In [12], multiple classifiers are trained for some common human postures. In the testing phase, when an image is given, its overall pose is determined using the above mentioned classifiers. Then, the best contour which is matched with the edge of the image is retrieved. This matching is done by traversing a hierarchical clustering structure. These trees are constructed for each common posture separately. This contour provides a more accurate posture of the person.

Some approaches apply a postprocessing on output of the classification. In these methods the output of the classifiers are a real value that determines a confidence level of classification [3, 8]. These works estimate a global continuous probability density function using a mixture of Gaussian distributions. In [3], a set of extremely randomized trees classifiers are trained on HOG feature in quantized directions and finally, the exact direction is calculated by the above mentioned method.

3 Proposed method

In the proposed method, body orientation estimation is formulated as a classification problem. For this purpose, we quantize the orientation in eight directions. The classification system consists of two main parts: feature selection and the use of a discriminative model. HOG descriptor is used as the basis feature. This descriptor is calculated over four regions in bounding box of the subject. Two types of regions are considered in the proposed method: static and dynamic regions. The dynamic region should be first localized. This localization is performed efficiently in our proposed method. Logistic regression as a discriminative model has been used for both the classification task and localization of the dynamic region. We show that this classifier is efficient in classification performance and time complexity. Four classifiers corresponding to the four regions are trained using the HOG feature. Finally we combine outputs of the four classifiers in an ensemble method. The HOG descriptor and multinominal logistic regression are introduced in the following subsections.

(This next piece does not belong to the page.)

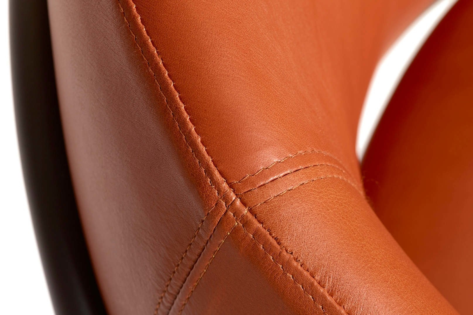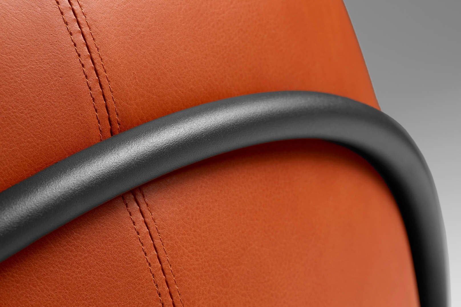 De stoel heeft armleuningen met een duidelijke stiknaad.

3.1 HOG feature descriptor

HOG is one of the most popular feature descriptor in image processing and computer vision. This descriptor was first introduced for human detection [7]. In fact, this feature, represents the structural characteristics of a localized portion of an image. The main idea behind this descriptor is that, shape and structure of an image are described in the edges and gradient information. The main steps of the HOG method is the breaking of the whole image into small regions which are called cells. The cell size is defined by the user. In each cell, histogram of gradients is computed in different orientations bins. For reducing the effect of illumination changes and shadowing, a normalization stage is done across a higher division level. This division is a group of cells which are called blocks. These blocks can be overlapped along x or y axes. The final descriptor is a concatenation of the histograms in blocks for the whole image. The advantages of the HOG descriptor are robustness to illumination change, low geometric changes, low displacement changes and reasonable computational complexity. Figure 1 shows the summary steps of HOG descriptor computation for a sample image.

Fig. 1
figure 1

Summary steps of HOG descriptor computation with commonly used parameter’s values (Cell size =8×8 pixels, block size = 2 × 2 cells, block overlapping = {1, 1}, 9 orientation bins)

3.2 Multinomial logistic regression

Multinomial logistic regression is a classification method and known as a discriminative model. This method directly computes the conditional probability of dependent variable y, given to independent variable x. Suppose that the dependent variable is categorical or nominal and we assign it to a discrete variable (response variable). Thus, the classification task is formulated as regression of dependent variable to independent variable (feature vector). Logistic regression measures this regression by using a logistic function. A logistic function has a sigmoid shape that its output is in the range from zero to one. Binary logistic regression models the posterior class probability P r(Y = 1|X = x) according to (1).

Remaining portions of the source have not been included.